2008 yılı itibariyle yap – işlet – devret modeliyle işletmeye alınan Hürrem Sultan Hamamı, dev bir yatırımla aslına uygun olarak restore edilmiştir.

Özgün yapısını 460 yıldır koruyan Hürrem Sultan Hamamı, Türk hamam mimarisinde bir çığır açarak kadınlar ve erkekler kısmının aynı eksen üzerinde yer aldığı ilk yapı olma özelliğini taşıyor.1556 yılında Kanuni Sultan Süleyman tarafından Mimar Sinan’a yaptırılan hamam; çifte hamam şekli ve 75 metre uzunluğuyla klasik dönem Osmanlı hamam mimarisinden ayrılıyor. Erkeklerin soğukluk, ılıklık ve sıcaklık bölümlerinin, kadınlar kısmının sıcaklık, ılıklık ve soğukluk bölümlerinin takip ettiği hamamın tüm kubbeleri kurşun ile kaplıdır.

Hürrem Sultan Hamamı’nın restorasyon projesi, tarihi eser restorasyonunda uzman bir kurum olan Kocaeli Üniversitesi Mimarlık Fakültesi tarafından yürütüldü. Alanında uzman akademisyen ve profesyonellerden oluşan disiplinler arası bir ekibin, aylar süren çalışmasının ürünü olan restorasyon sürecinde,

Hamam’ın orijinal mimarisinden hiç taviz verilmedi. Türkiye’de ilk kez kullanılan malzeme ve teknolojik sistemlerden yararlanıldı.

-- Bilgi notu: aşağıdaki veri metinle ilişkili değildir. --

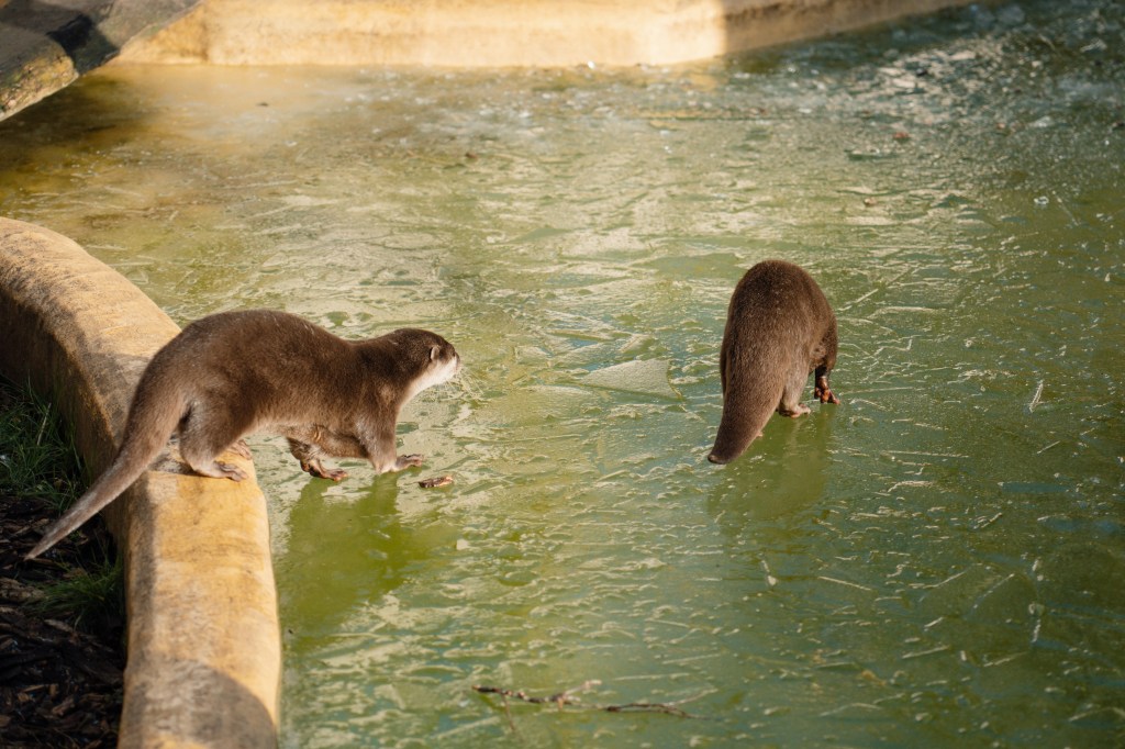 Whilst Asian short clawed otters wouldn’t usually experience freezing temperatures, keepers are constantly monitoring all species to ensure normal behaviours, with animals always having the option to warm up inside their houses.

Hamam 1556 yılında Mimar Sinan tarafından yapıldı ve 1910 yılına kadar aktif olarak kullanıldı. Restorasyona 2008 yılında başlandı ve 1300 metrekare Marmara Mermeri kullanıldı. Tek eksen üzerinde çift kubbeli tek hamamdır. En yüksek bölümü olan Soğukluk Bölümü kubbe yüksekliği 24 metredir. Göbek taşı sıcaklığı 42 derece olup, halvet sıcaklığı ise 48 derecedir.  Halvetlerdeki buhar oranı %100 ‘dür. Misafir kullanımı için özel altın kaplama hamam tasları yaptırıldı. Misafir kullanımı ve satışı için özel peştamaller üretildi. Sabunlar ise %100 saf zeytinyağlı olup hamama özel olarak üretilmiştir.

Hamam Kültürü

Hamam’ın tarihi Romalılara kadar uzanır. İtalya’daki Vezüv Yanardağı’nın patlamasından sonra küller altında kalan Pompeii şehrinde yapılan kazılar, Romalıların kullandıkları hamamları ortaya çıkarmıştır. Bu hamamların sadece temizlik için değil, aynı zamanda zevk ve eğlence amaçlı yapıldığı da anlaşılmaktadır. Romalılarda toplumsal sınıf farkı olduğu için, hamamlarda köleler ile asillerin giriş kapıları ve yıkandıkları yerler ayrılmıştı.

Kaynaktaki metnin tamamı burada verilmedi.